Encuesta del BID encontró que 64 % de las firmas que venden en el exterior no han recibido ayuda.
Más allá del evidente impacto del coronavirus en el comercio exterior de los países de América Latina, visible en la reducción de las exportaciones no solo hacia otros países sino en el frente intrarregional, la crisis que produjo la pandemia ha dejado dos cosas claras: una alta falta de apoyo a los exportadores y la implementación de medidas recursivas para tratar de capotear las circunstancias ante las débiles expectativas de corto plazo.
Una encuesta que realizó el Banco Interamericano de Desarrollo (BID) a 532 empresas exportadoras de la región, en 10 países de Suramérica, entre ellos Colombia, y a 15 de Centroamérica y el Caribe, además de México, revela que ante una caída del 30 por ciento en las ventas externas, tendencia que seguirá por lo menos hasta julio, el sector está buscando con ‘pies y manos’ la manera de verse afectado lo menos posible ante la difícil coyuntura que atraviesa el consumo y la demanda de bienes y servicios.
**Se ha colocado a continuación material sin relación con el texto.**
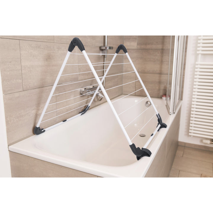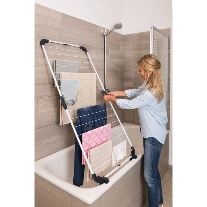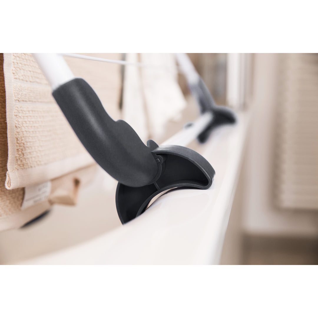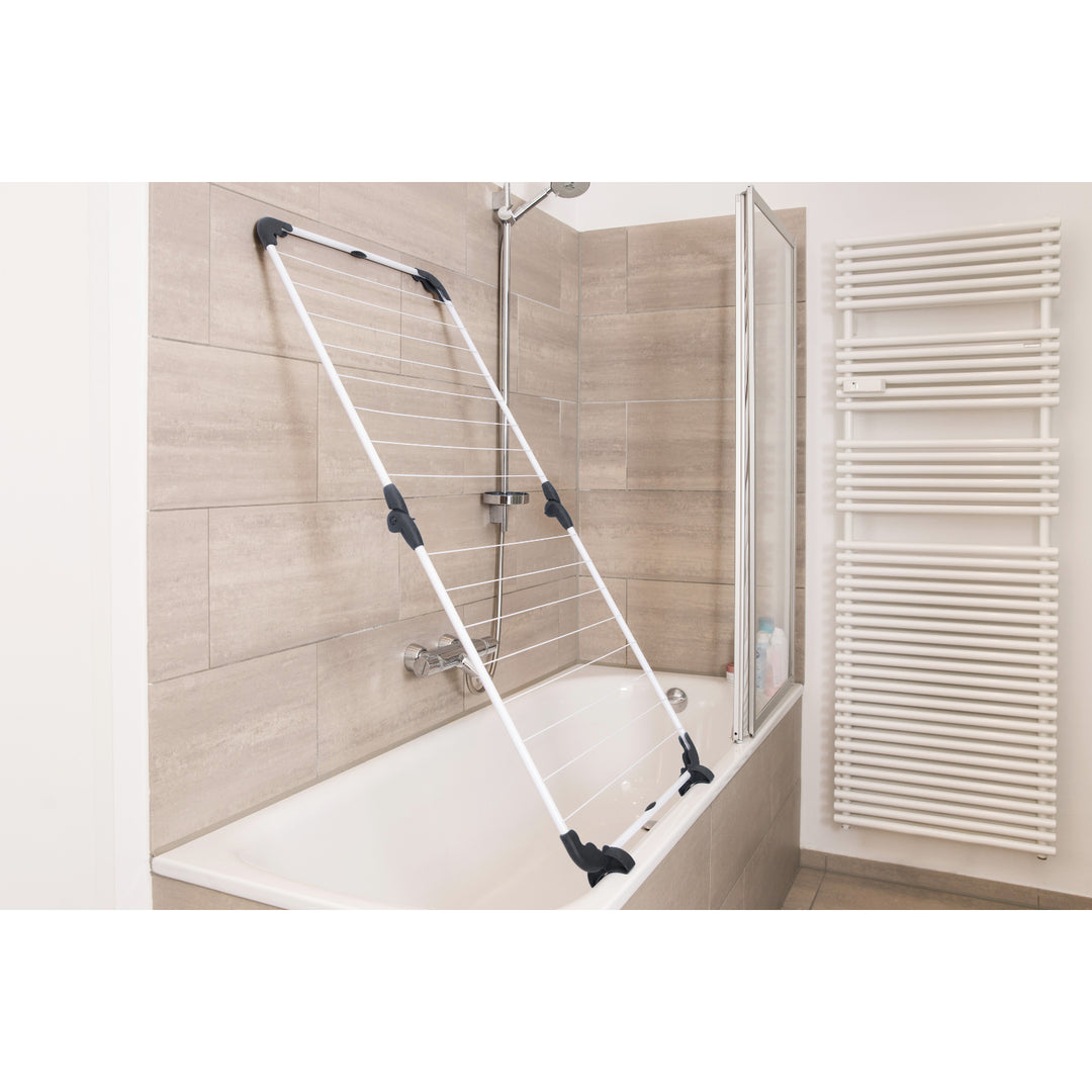 Az állítható kötéseknek köszönhetően az Acrobath szárító a kád bármely szélességéhez igazítható. A fürdőkád szélére kinyomhatjuk, részben a kád melletti falon vagy a kád felett fekvő falra.

En general, las ventas externas cayeron tanto por razones de oferta (cuarentena obligatoria o voluntaria en muchos países) como de demanda, aunque las primeras (en conjunto) tuvieron un mayor peso (51 por ciento frente a 41 por ciento).
En primer lugar, el sondeo muestra que casi 8 de cada 10 empresas (el 77 por ciento) afirmaron que sus exportaciones cayeron en el primer trimestre. Pero llama la atención que de ese total, más de la tercera parte (un 36 por ciento) ha visto descolgadas en sus ventas superiores al 61 por ciento e incluso en la totalidad de lo que vendían antes de la crisis, en tanto que otro 21 por ciento registró caídas entre el 31 y el 60 por ciento.
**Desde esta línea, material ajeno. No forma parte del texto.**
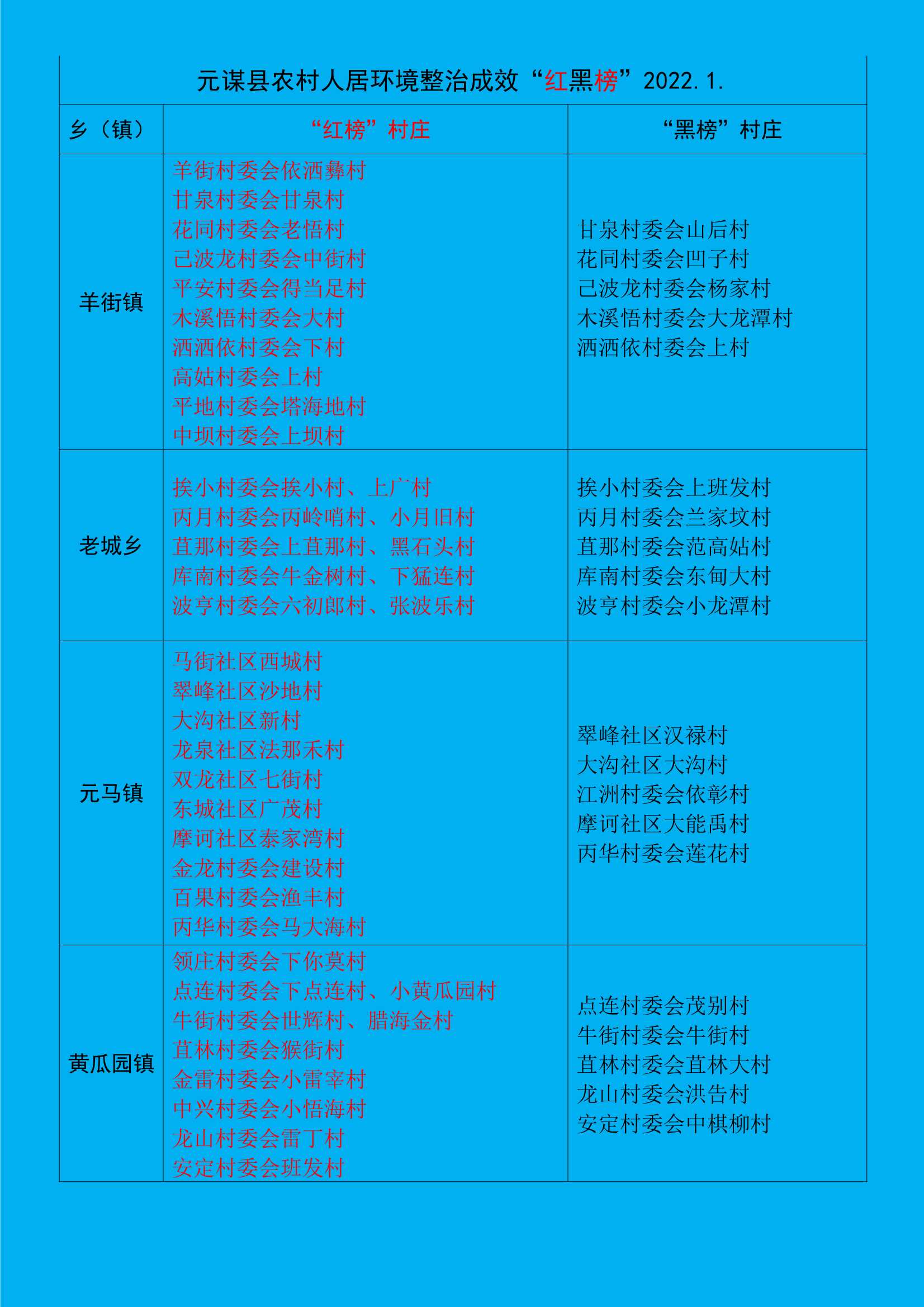为深入贯彻落实党中央、国务院关于农村人居环境整治的决策部署,以正面激励与反面警示相结合的方式,宣传表彰先进、鞭策督促后进,进一步激发群众参与环境整治的内生动力,持续巩固提升整治成效,改变农民群众不良生活习惯,形成积极向上的新风尚,提高农民群众的获得感、幸福感。元谋县立足农村人居环境一档村庄八条标准,建立了农村人居环境整治成效“红黑榜”制度,对全县所有自然村进行评定打分,定期进行发布。农村人居环境整治工作做得好的村庄进入“红榜”,做得差的村庄列入“黑榜”,并对红榜村适时进行通报表彰,对黑榜村及时进行督促整改。以下是2022年1月入榜村庄,快来看看你的家乡上的是什么榜?

Además, otro de los datos relevantes es que las empresas exportadoras de bienes finales fueron las más afectadas, ya que del total de firmas que experimentaron caídas en sus exportaciones, el 50 por ciento corresponde a este subgrupo, mientras que el 14 por ciento son exportadoras de insumos y 36 por ciento, de servicios.
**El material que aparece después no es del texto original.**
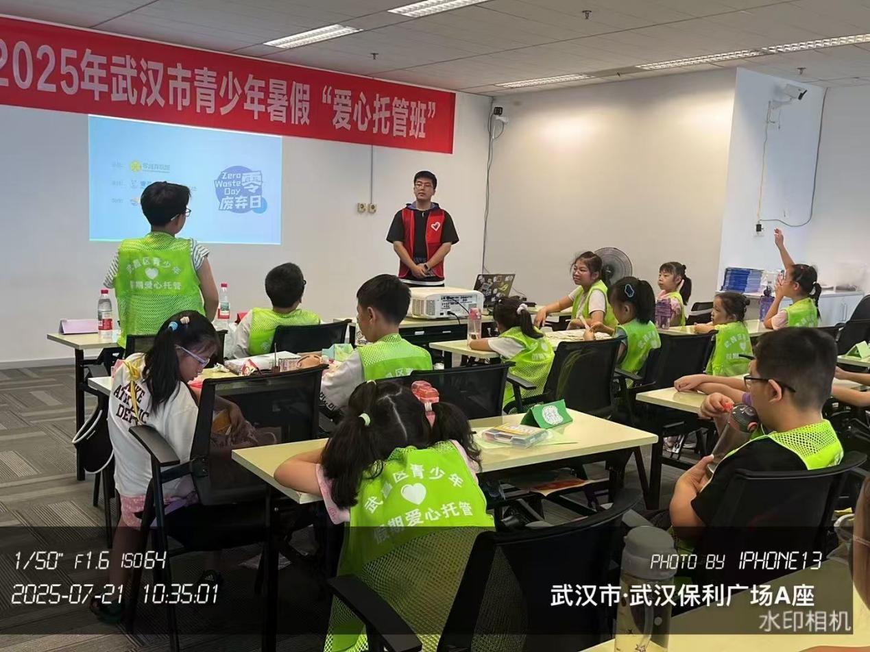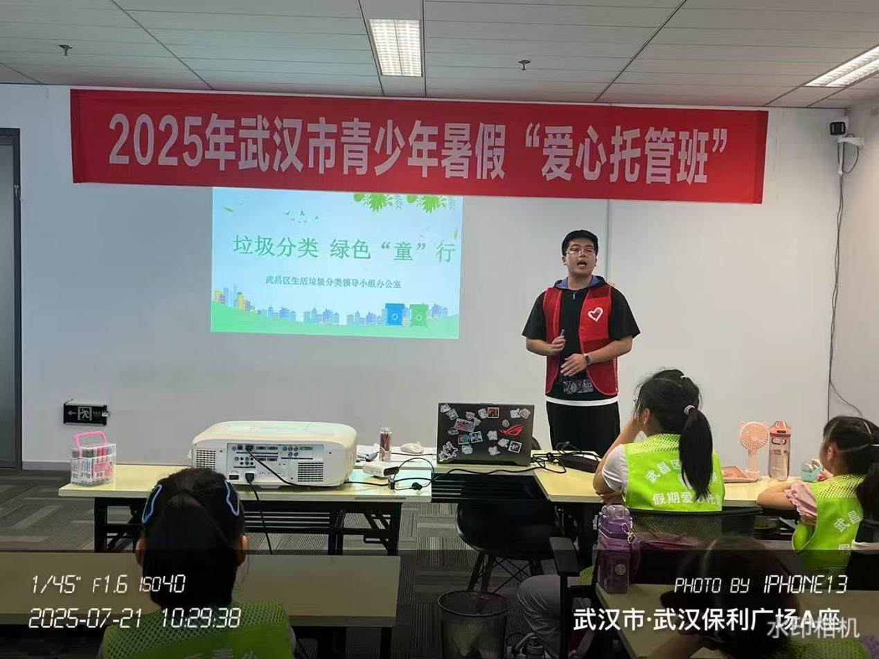 2025年7月21日,武汉保利广场A座的武汉市青少年暑假“爱心托管班”内,湖北大学艺术与设计学院艺术梦工厂的2名志愿者,将专业所长与环保理念深度融合,为20余名托管班儿童打造了一堂别开生面的“趣味环保实践课”。作为学院“暑期公益课堂计划”的重要实践模块,本次活动通过“可视化教学+沉浸式互动”模式,让环保知识“活”起来,更让大学生在服务中践行社会责任,实现“教学相长”的实践育人目标。

Y mientras que en la mayoría de países un punto en común han sido las ayudas de los gobiernos a las empresas, aquellas que tienen vocación exportadora manifiestan un alto nivel de descontento en este sentido, a tal punto que el 64 por ciento de las firmas consultadas dijeron no haber recibido ningún tipo de apoyo específico del sector público para sostener sus ventas externas desde el desenlace de la pandemia. Los principales apoyos otorgados incluyen otros incentivos fiscales, asistencia en la búsqueda de nuevos mercados y asistencia técnica, con porcentajes de apenas 10 por ciento, 6 por ciento y 5 por ciento, respectivamente.
El nuevo caminoAnte la situación y en procura de mantenerse a flote, el documento del BID menciona que en ese proceso de reinvención –en el que entraron empresas y personas– el nuevo ADN de las firmas exportadoras podría también estar asociado a la aceleración de la transformación digital como consecuencia de los efectos del covid-19, y ello se ha evidenciado en diferentes partes del mundo. “La mayoría de las empresas ha implementado el teletrabajo para seguir operando y más de la mitad está utilizando el comercio electrónico como canal de ventas de sus exportaciones, de las cuales el 70 por ciento debió implementarlo bajo este contexto”, destaca una de las conclusiones de la encuesta. Al respecto, la mitad de las empresas (5 de cada 10) utilizan actualmente las plataformas de comercio electrónico para exportar, pero lo revelador es que de ese total, el 74 por ciento recién ha comenzado a utilizar este tipo de plataformas como un nuevo canal de ventas dado el contexto de la pandemia, mientras que el 26 por ciento ya las venía implementando.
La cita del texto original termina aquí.